How does Serverless expand and shrink automatically

This paper takes Knative as an example to introduce how Serverless achieves automatic capacity expansion and contraction.

Knative is Google’s open source Serverless architecture solution, built on Kubernetes, designed to provide a consistent standard pattern for building and deploying Serverless architecture and event-driven applications

Knative itself implements a KPA (Knative Pod Autoscaler) algorithm for automatic capacity expansion and contraction.
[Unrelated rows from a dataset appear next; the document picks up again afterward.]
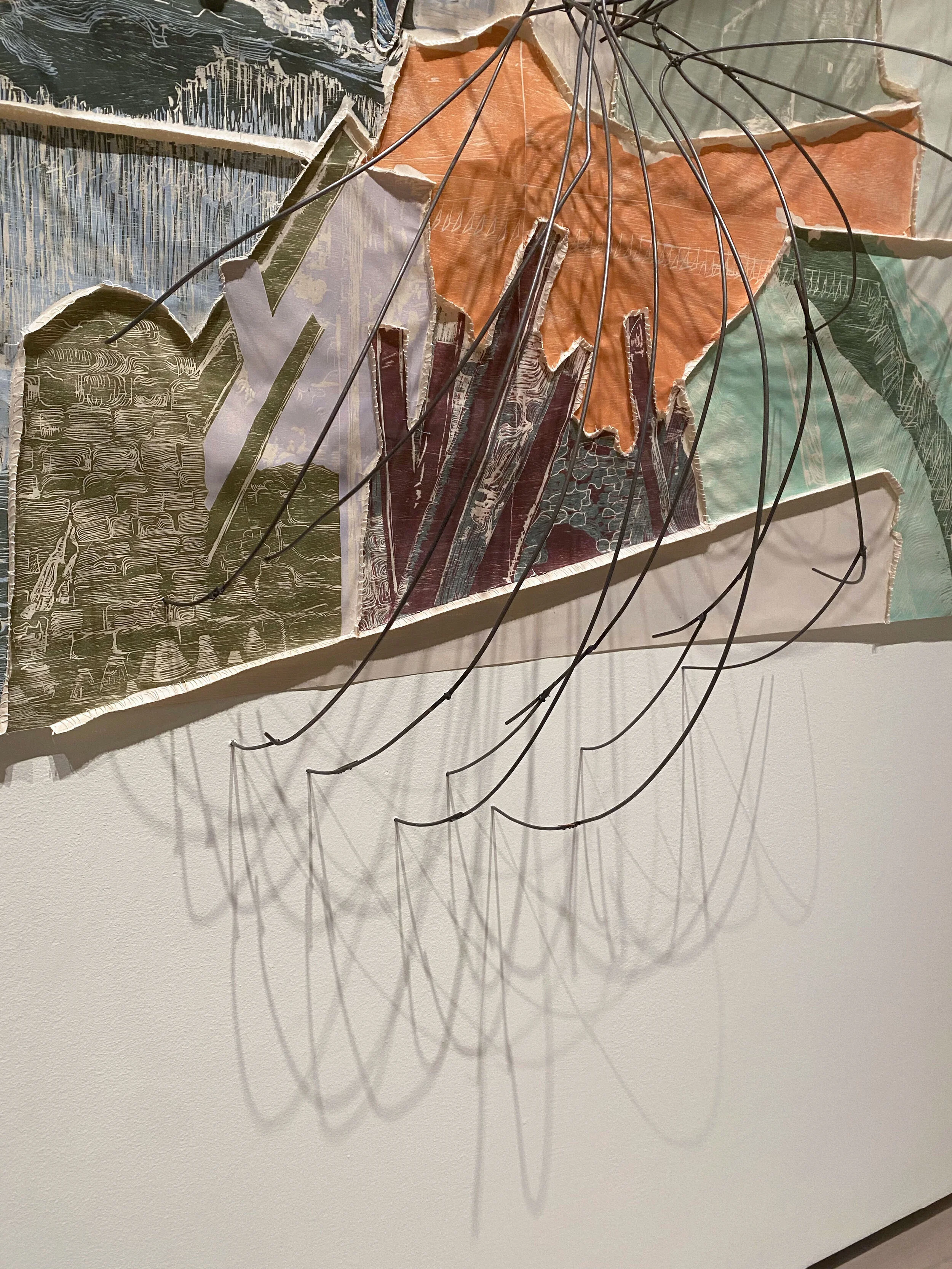 Woodcut prints on Kitakata Paper, hand-stitched with French linen thread, pierced by and held to the wall with metal sculpture
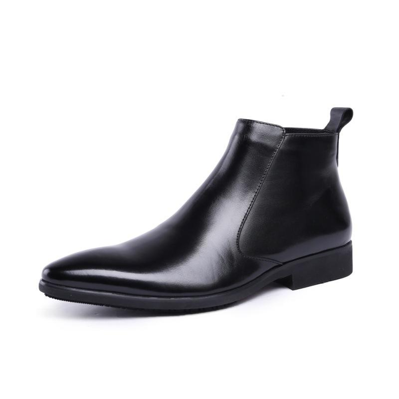 รองเท้าบูทเชลซีผู้ชายอบอุ่นในช่วงฤดูหนาว, รองเท้าหนังยาวถึงข้อเท้าพร้อมขนแกะหน้าและนิ้วเท้า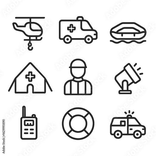 Rubber Boat icon set. Editable Stroke Icon Collection. Includes rubber boats icons and More. Outline icons vector collection.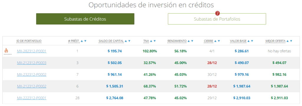En la imagen se aprecia la opción de portafolios, la cual revela las posiciones de inversión que otros inversionistas quieren vender dentro de la plataforma. Básicamente, es un mercado secundario para conseguir liquidez anticipada.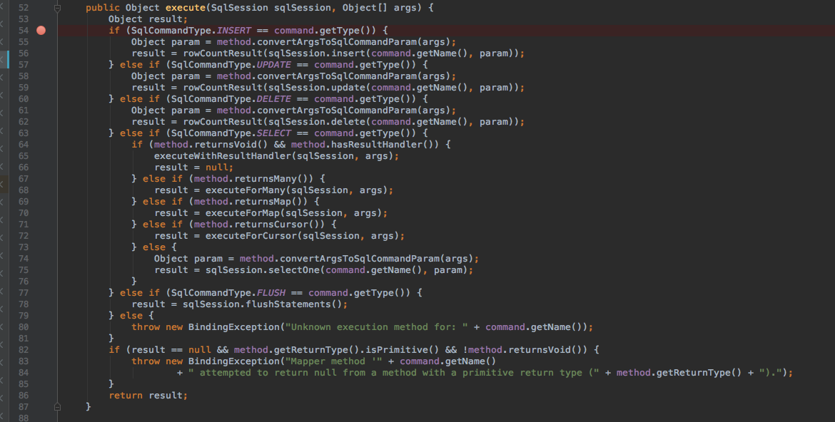 从之前的学习中我已经知道MapperProxy是Mapper的动态代理实现,他的invoke方法会调用MapperMethod的execute方法.所以我们来看看这个execute方法

The basic idea of the KPA algorithm is that the system automatically expands and shrinks the capacity according to the current monitored traffic (the number of concurrent requests). The simple calculation formula is:

Expected number of instances = current number of concurrent requests/number of concurrent requests supported by the instanceCopy the code

For example, 🌰, the system detects 100 concurrent requests. If a single instance supports 10 concurrent requests, the expected number of instances is 100/10 = 10. If the number of instances currently available on the system is 1, the system automatically adds 9 instances until the desired number of instances is 10. Before the 9 instances are ready, Knative will cache the request to Activator until the expansion is completed (9 instances are ready) and then forward it to FaaS (function code execution processing request). The process of waiting for the instance to be ready is often called cold start. Next, we will talk about cold start.

Note: in fact, the cloud vendors in order to reduce the cold start, according to the optimal allocation rules and algorithm will be more number of instances, such as the expansion and the actual number of instances the instance number = 1.2 * expectations, so the next test cycle comes, even if concurrent requests for 120, the current number of active instances is enough, this will be talked about later.

Cold start principle and optimization method

As we all know, Serverless platform provides developers with diversified and convenient code running environment. During the development process, developers can not care about the preparation of code running environment, because when FaaS is running, Serverless platform has helped us to prepare. However, the Serverless container instance startup is not instantaneous. It takes time to prepare. The instance startup process can be roughly divided into four stages:

Download the code -> Start the instance -> initialize the code (load code and dependencies) -> Execute the functionCopy the code

Note: The first step in mirroring functions is to synchronize mirroring.

The cold start process involves all four of the above steps. When the container is ready, the function is executed again without expansion. The function is directly executed without the previous three steps, which is called hot start.

Cold startup usually takes hundreds of milliseconds, while hot startup usually takes milliseconds because the first three steps are omitted. So we should minimize cold starts as much as possible. The method of optimizing the cold start of the function mainly has two dimensions: the time of cold start and the probability of cold start. The following two dimensions will be explained respectively.

Probability of cold start

There are two main methods to reduce the probability of cold start: instance reuse and instance warming.

1. Instance reuse

Instances of function code that finishes execution are not recycled immediately, but go from Active to Reserve, waiting for the next request. Instances on standby are available for a configurable duration of 30 minutes, and if no requests need to be processed during that time, the instance is reclaimed. If a request needs to be processed, the instance will come back to the active state and process the request for instance reuse purposes.

However, if the standby time is set too long, standby instances will not be recovered for a long time, resulting in a waste of resources, which will have a great impact on the cost of cloud vendors. So each cloud vendor will try to set an optimal value according to their product situation and optimization strategy.

2. Instance preheating

Example preheating can be divided into two types: passive preheating and active preheating. The so-called passive or active, usually refers to whether the user is active behavior.

Passive preheating means that during capacity expansion, the cloud vendor will expand the number of instances larger than the current expectation based on the actual situation. The specific number ratio is determined by the cloud vendor.

Active preheating means that the developer relies on the capacity of the Serverless platform to provide reserved instances and proactively configures the number of reserved instances, which will not be released. In this way, when a request arrives, the reserved instance can directly provide services, effectively avoiding the probability of cold start.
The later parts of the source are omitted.